Pyknometer
Englisch: pycnometer
Ein Behälter mit genau bekanntem Volumen, der durch Wägen zur Bestimmung der Dichte oder relativen Dichte von Flüssigkeiten verwendet wird.
Pyknometer: eine Präzisionsflasche zum genauen Wiegen von Flüssigkeiten
Ein Pyknometer ist ein kleines Glasgefäß mit genau kalibriertem Innenvolumen, das die Dichte von Flüssigkeiten durch Vergleich mit Wasser oder einer anderen Bezugsflüssigkeit misst. Die Flasche fasst typischerweise 10 bis 100 Milliliter und hat einen Glaschliffstopfen mit einer feinen Kapillarbohrung. Beim vollständigen Füllen und Einsetzen des Stopfens steigt überschüssige Flüssigkeit durch die Kapillare auf und wird abgewischt, sodass das Gefäß jedes Mal mit exaktem Volumen gefüllt ist. Die gesamte Anordnung wird gewogen, dann ergibt die Rechnung Masse geteilt durch bekanntes Volumen direkt die Dichte.

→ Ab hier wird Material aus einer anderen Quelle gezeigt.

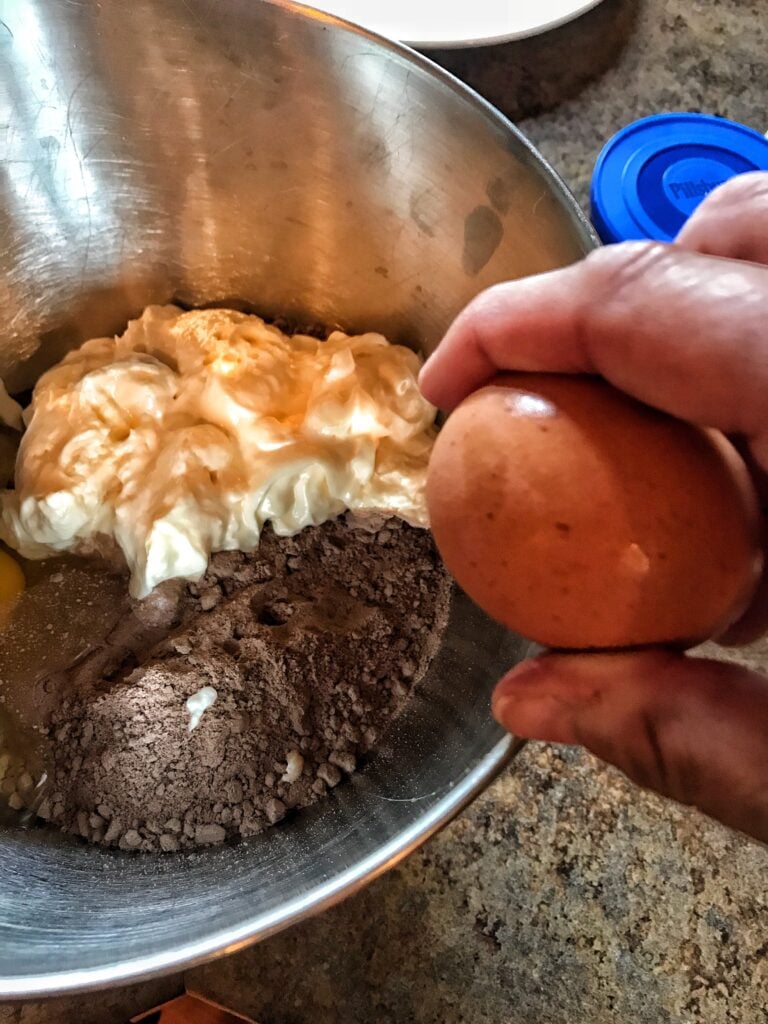 As previously mentioned the full recipe card is at the end, but all you have to do is pour the cake mix in the bowl, add the cup of mayo and cold iced water followed by three, room temperature eggs.

Die Kapillarbohrung ist das entscheidende Merkmal, das einen Pyknometer von einem gewöhnlichen Messzylinder unterscheidet. Ohne sie würde das Füllen der Flasche auf die gleiche Höhe nach Augenmaß zu Fehlern führen. Die Kapillare sorgt dafür, dass Wärmedehnungs- und Oberflächenspannungseffekte konsistent behandelt werden, sodass das gleiche Volumen einer Flüssigkeit unabhängig von kleinen Unterschieden beim Sitze des Stopfens die gleiche Masse einnimmt. Für Arbeiten, die Dichtenmessungen auf vier Dezimalstellen erfordern, ist diese Genauigkeit unverzichtbar.
Ausführungsarten und Anwendungen
Der Hubbard- oder Gay-Lussac-Pyknometer ist die verbreitetste Form mit Stopfen und Seitenkugel zum Entweichen von Luft. Der Ostwald-Pyknometer unterscheidet sich durch seine U-Rohr-Bauform und wird häufig für sehr genaue Arbeiten mit organischen Lösungsmitteln verwendet. Pyknometer werden aus Glas und Metall hergestellt, wobei Glas überwiegt, da es chemisch inert und optisch transparent ist. Typische Volumen sind 1, 5, 10, 25 und 50 Milliliter; größere Gefäße beeinträchtigen die Genauigkeit und kleinere werden schwer sauber zu füllen und zu verschließen.
Pyknometer kommen in der Qualitätskontrolle von Farben, Ölen, Kraftstoffen und chemischen Lösungen zum Einsatz; in Pharmalaboratorien zur Überprüfung der Gleichmäßigkeit von flüssigen Zubereitungen; und in der Forschung zum Messen der Dichte unbekannter Flüssigkeiten. Sie werden auch in der Bodenmechanik eingesetzt, wo sie das spezifische Gewicht von Bodenteilchen bestimmen, um Porenraum und Verdichtungseigenschaften zu berechnen. Das Gerät ist besonders wertvoll, wenn nur kleine Probenmengen zur Verfügung stehen oder die Dichte besser als 0,1 Prozent bekannt sein muss.
Der Name stammt vom griechischen Wort pycnos, das dicht oder dickflüssig bedeutet. Das Gerät geht auf das 18. Jahrhundert zurück und hat sich seitdem im Prinzip wenig geändert. Im Gegensatz zu Aräometern, die schwimmen und direkt abgelesen werden, benötigt ein Pyknometer eine Waage und Rechenarbeit, liefert aber überlegene Genauigkeit. Die Kalibrierung erfolgt durch Wiegen im leeren Zustand und gefüllt mit destilliertem Wasser bei einer Standardtemperatur, typischerweise 20 Grad Celsius. Die sachgemäße Handhabung umfasst die Reinigung zwischen den Messungen mit geeigneten Lösungsmitteln, vollständiges Trocknen und thermische Equilibrierung des Glases vor dem Wiegen.